For years, my extended family gathered and celebrated on Christmas Eve. I would leave work early, pick up my daughter and dash off to the 5 p.m. service at the church my great-great grandfather helped build after immigrating from Sweden in 1892. From there, we would go to the Christmas Eve celebration for Swedish meatballs, eggnog, gifts and cheer. 
Shortly after Tom (not his real name) arrived, the mood shifted as he warned that this would be our last Christmas because the world as we knew it would end soon. 
We heard the same warnings about the New World Order and other conspiracy theories on countless Christmas Eve gatherings. It sucked the merriment from the occasion and took the focus away from “the reason for the season.”

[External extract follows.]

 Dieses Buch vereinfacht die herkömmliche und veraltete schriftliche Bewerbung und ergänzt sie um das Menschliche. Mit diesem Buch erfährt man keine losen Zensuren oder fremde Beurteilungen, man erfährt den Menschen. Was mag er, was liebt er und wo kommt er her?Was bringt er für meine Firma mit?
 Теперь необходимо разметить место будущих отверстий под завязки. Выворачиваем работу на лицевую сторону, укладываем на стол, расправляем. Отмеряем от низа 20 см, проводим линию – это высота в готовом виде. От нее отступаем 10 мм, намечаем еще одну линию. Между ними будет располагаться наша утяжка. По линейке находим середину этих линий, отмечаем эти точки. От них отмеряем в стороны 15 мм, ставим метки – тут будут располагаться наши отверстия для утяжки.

Soon after Tom retired, he started listening to short-wave radio broadcasts and became consumed with Christian nationalism. “Our country was founded on Christianity,” he said. Ironically, he would not go to church because “organized religion was corrupt,” as were the government and the media. 

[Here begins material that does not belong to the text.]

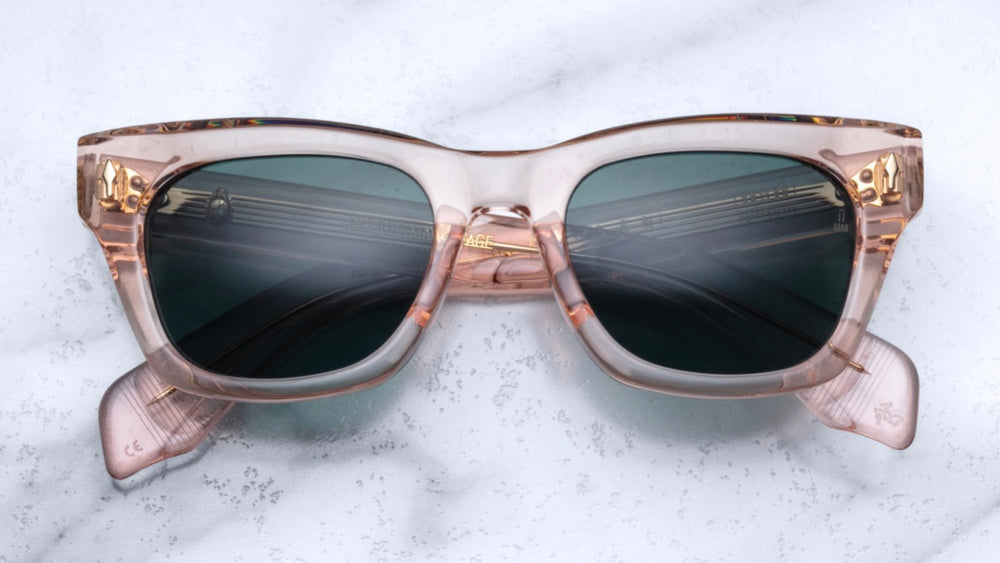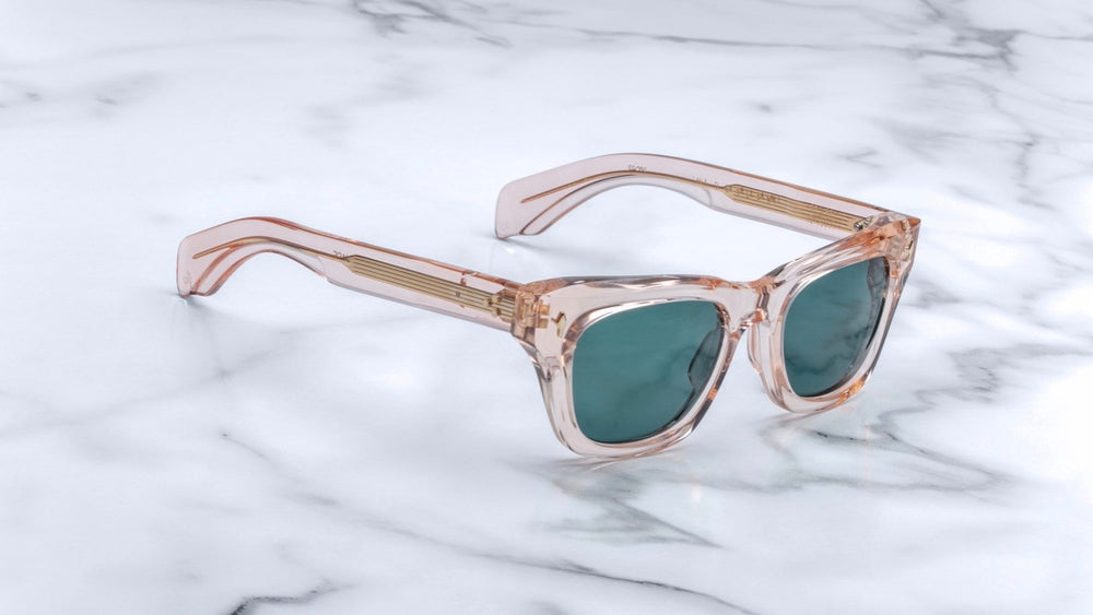 A luxurious oversized wayfarer-style frame in translucent rose crystal acetate with bold geometric angles and distinctive temple hardware in gold-tone metal accents. The frame features substantial thickness and architectural design elements that create a sophisticated, vintage-inspired aesthetic. The dark grey lenses provide excellent contrast against the soft pink frame coloring. The design showcases impeccable attention to detail with its refined construction and premium finishing.
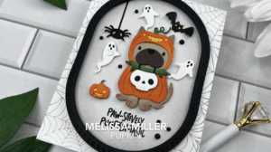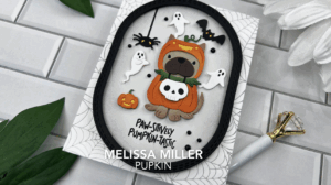 One of my favorite techniques when making a card is paper piecing. Today’s card features Spellbinders Pupkin die set, and it was so much fun to put together! I am loving the dimension and all the little details in this card. I also brought in Spellbinders Halloween Tick Tock add on set for my ghosts, spider and bat. After I selected my colors and die cut all my pieces, I added a little ink blending to some of the images for added detail. After everything was assembled, I created my background using the Spider Web Backgrounds press plate, and my frame using Pinkfresh Studio’s Double Stitched Elongated Ovals. I used foam squares on almost all of my images. I love how this came out! This little puppy dressed as a pumpkin is beyond adorable! For more details, links to all the items I used and to watch me create this card, you can click here.

Tom constantly warned that the government was going to come after our guns. He made hidden compartments in his house where he hid them.
Guns, according to Tom, would be necessary for the takeover of the government by self-made militias and to protect ourselves in the aftermath of an economic collapse, food shortages and the loss of work. It would be necessary to become survivalists and hide in bunkers with food, water and stockpiles of supplies. 
Since paper money would no longer have value, we would need to invest in gold and silver. A bartering system to trade for necessities would also be necessary. 
After Tom died shortly before Christmas one year, family members discovered a bunker in the backyard that had partially collapsed. Metal tubes were filled with rotten, wet rice buried in the ground.
Some may think Tom was crazy, but he was highly intelligent, humble and a loving family member. 
Like Tom, many self-professed Christians, including well-known pastors and politicians, have become indoctrinated by Christian nationalism. 
Now we are closer to what the Christian nationalists have been warning for years—an end to the world as we knew it—as they demonstrated during the January 6 insurrection. 
Christian nationalism is nothing more than a political movement that uses Christianity as a façade to further its agenda. It distorts the truth, rewrites history and misleads others by spreading conspiracy theories to instill fear, unrest, hatred and despair. 
Christian nationalism does not portray the God of hope, peace, joy and love we celebrate during Christmas. 
However, Christian nationalists have proclaimed that God has sent an unbeliever, a man with narcissistic traits, to restore this country to a Christian nation and make it great again. According to the Christian faith, God has already sent us a savior named Jesus. It is his example we should follow.